For Gentoo, there are ebuilds for halevt on Gentoo bugzilla, which install just fine.

In my point of view there’s an issue here for Gentoo. Latest ivman (sys-apps/ivman-0.6.14) compiles just fine against all of its dependencies, but then it does nothing at all when a deviced is plugged in. If the devices are present when ivman starts then it can detect and mount them, if you plug the devices after ivman is started, then ivman does nothing at all. I think ivman is broken since hal 0.5.9.X versions. Gentoo developers stll keep ivman in the stable tree though. I find no real logic to this decision. Ivman is buggy with current stable hal and dbus. I would prefer a de-stabilization of ivman or even a package mask for it. What’s the point in keeping a package (ivman) in the stable tree since it requires not the latest stable but an older version of another package (hal) ? IMHO, since they correctly decided to stabilize hal 0.5.11-r8, which subsequently rendered ivman useless, ivman should be wiped from the stable tree.
Some bugs on ivman reported on Gentoo Bugzilla: http://bugs.gentoo.org/buglist.cgi?quicksearch=ivman

I once used ivman with a couple of custom scripts to create/remove icons of automounted devices on my ROX desktop. I think I can make these scripts work again with halevt…I am in the process of rewriting them. More on that in the following days…

Severely degraded harddisk performance on sata_sil by athcool

I am writing this post to provide some statistics on athcool + sata_sil usage.
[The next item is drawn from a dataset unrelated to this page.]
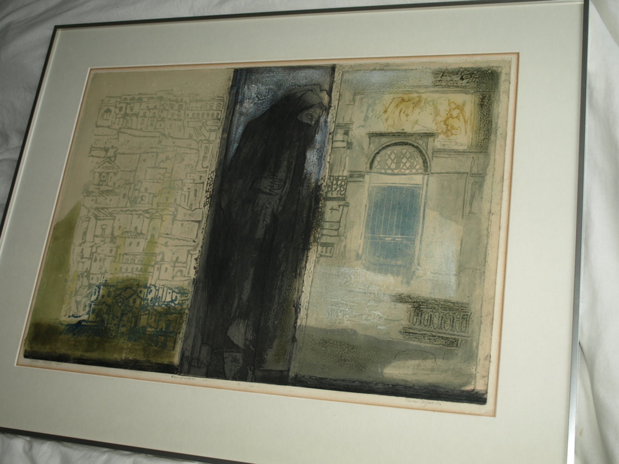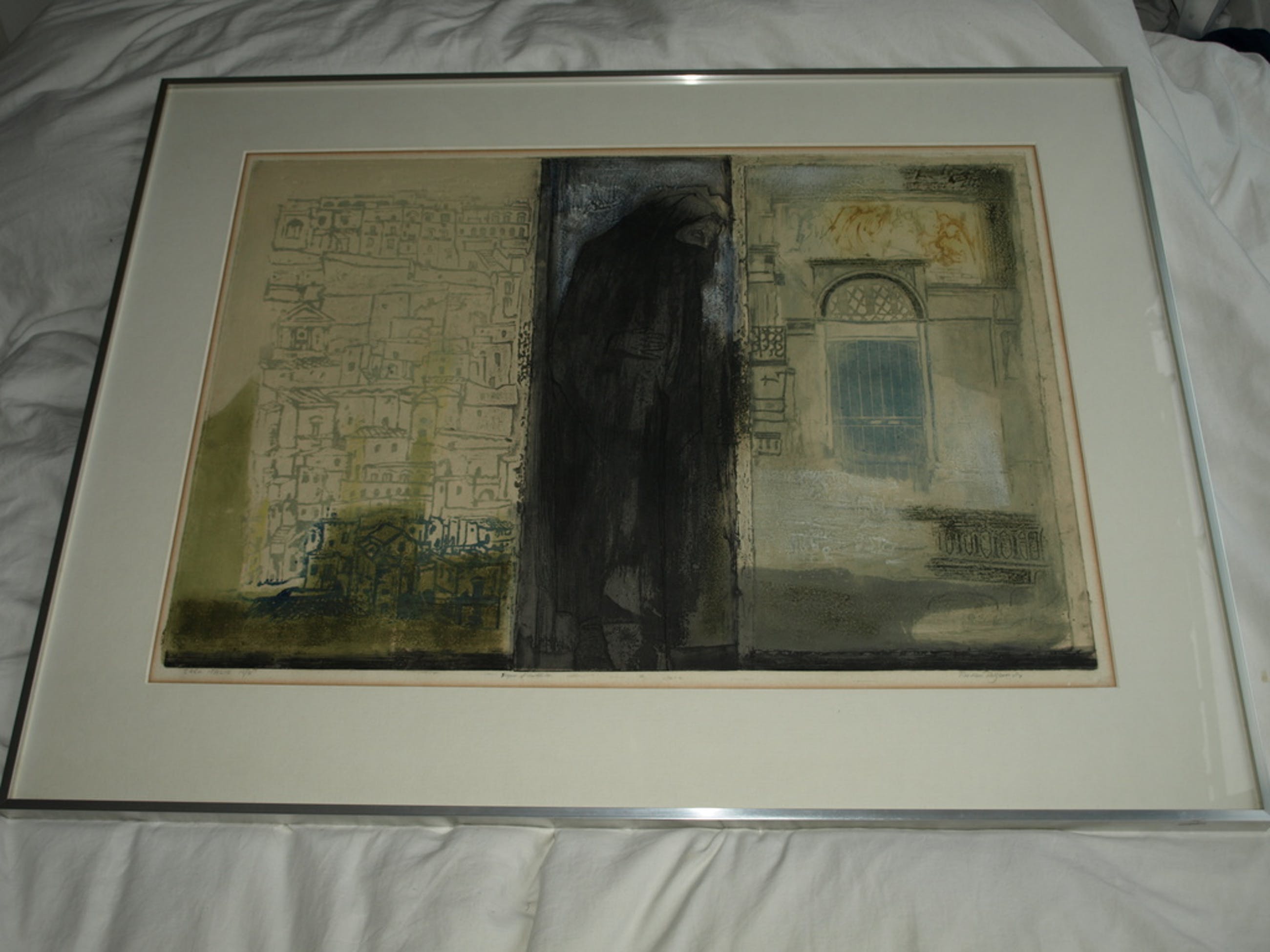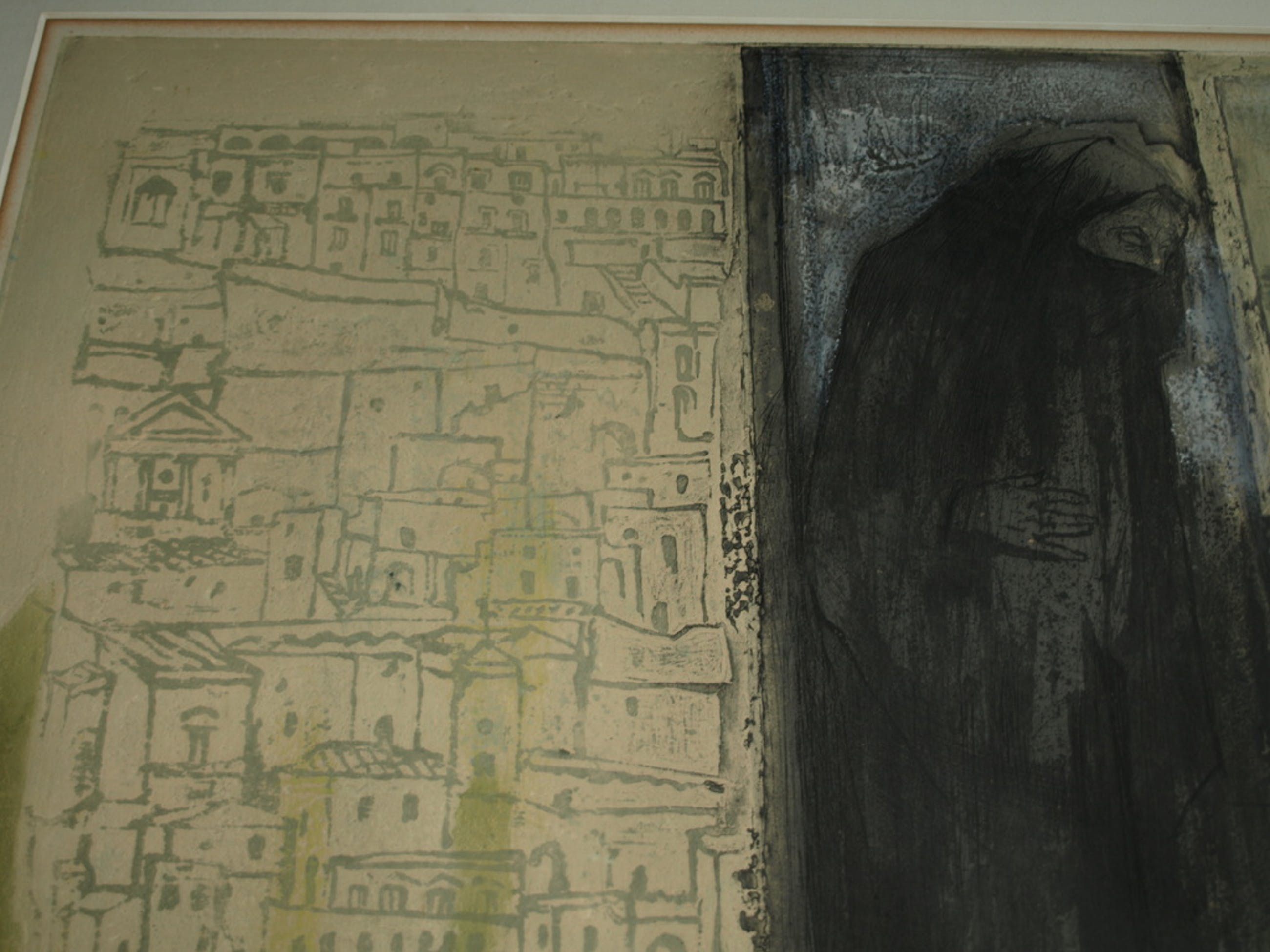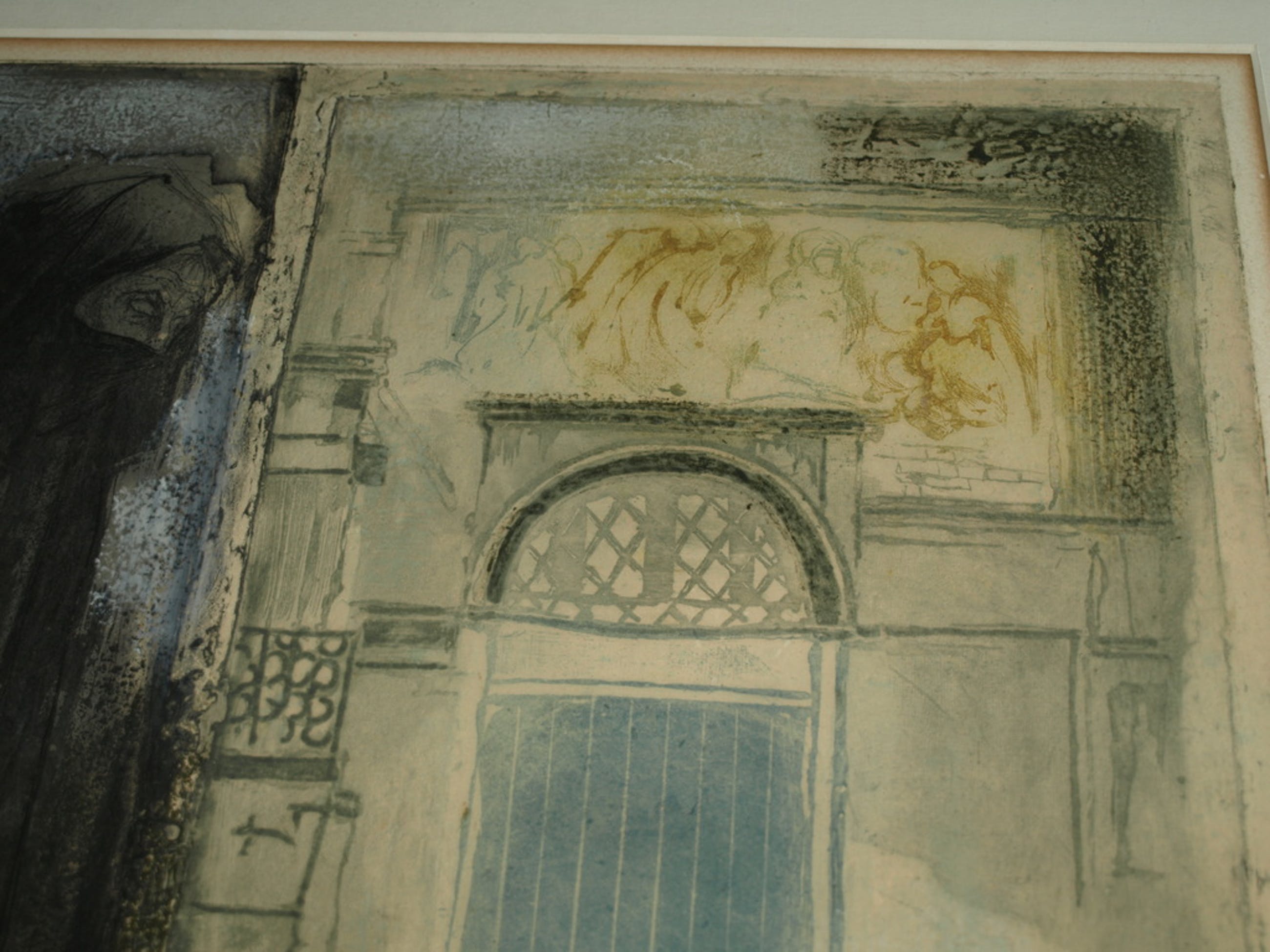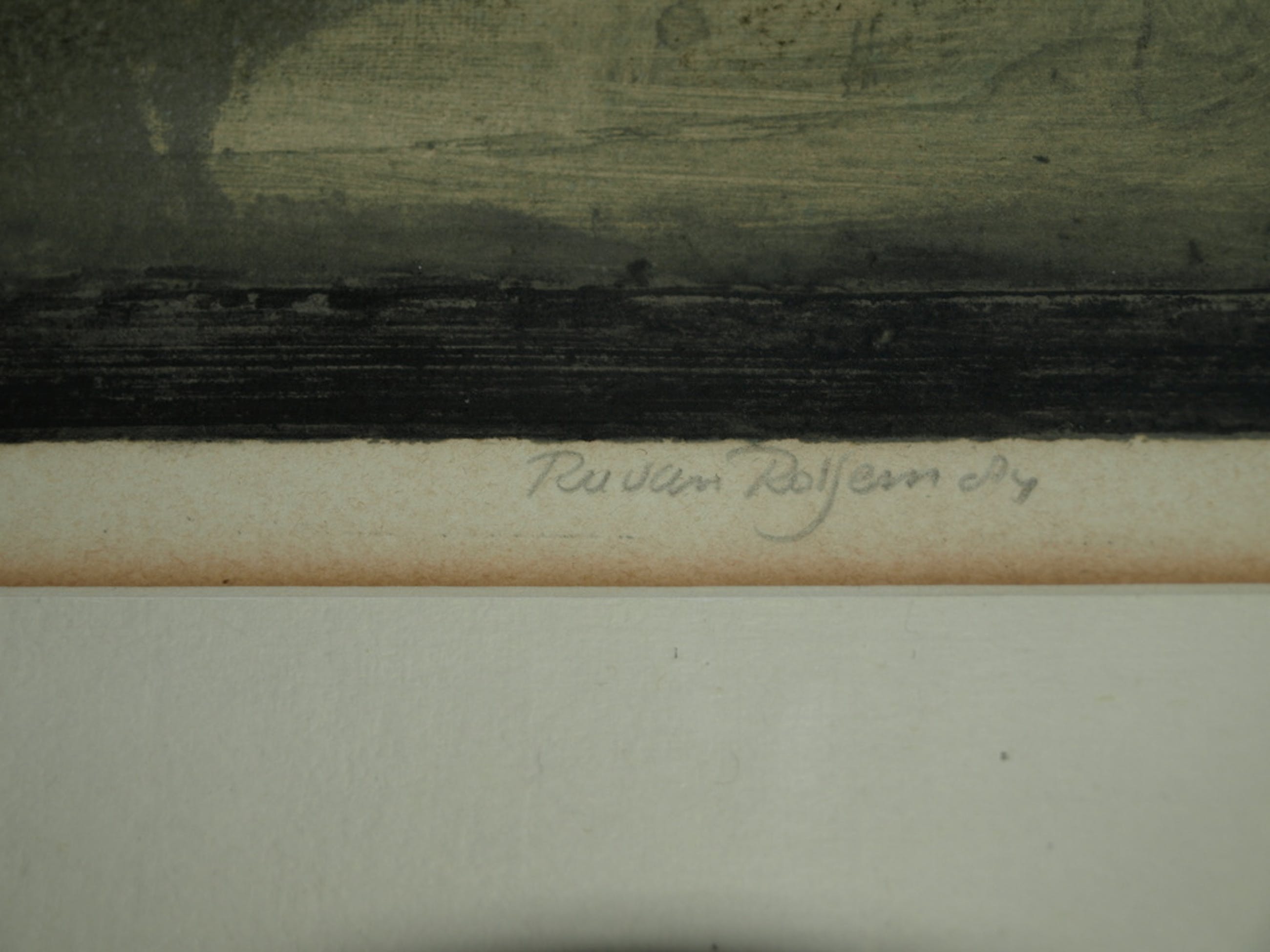 Een grote ingelijste ets met reliëfdruk uit 1984 van de Nederlandse kunstenaar Ru van Rossem.

The results are horrible.

Athcool is a small utility, enabling/disabling Powersaving mode for AMD Athlon/Duron processors.
The homepage of the utility has a big fat warning as well:

WARNING: Depending on your motherboard and/or hardware components, enabling powersaving mode may cause:

* noisy or distorted sound playback
* a slowdown in harddisk performance
* system locks or instability

The Gentoo ebuild also has these warnings:

ewarn “WARNING: Depending on your motherboard and/or hardware components,”
ewarn “enabling powersaving mode may cause:”
ewarn ” * noisy or distorted sound playback”
ewarn ” * a slowdown in harddisk performance”
ewarn ” * system locks or unpredictable behavior”
ewarn ” * file system corruption”
ewarn “If you met those problems, you should not use athcool. Please use”
ewarn “athcool AT YOUR OWN RISK!”

Ignoring all these warning I was using athcool for years on my old desktop box filled with 2 IDE disks. Never had any real problem at all, except for a some performance loss. The problem appeared when I first used a sata disk on motherboard’s, Gigabyte GA-7VAXP-A Ulta, sata controller which uses the sata_sil module.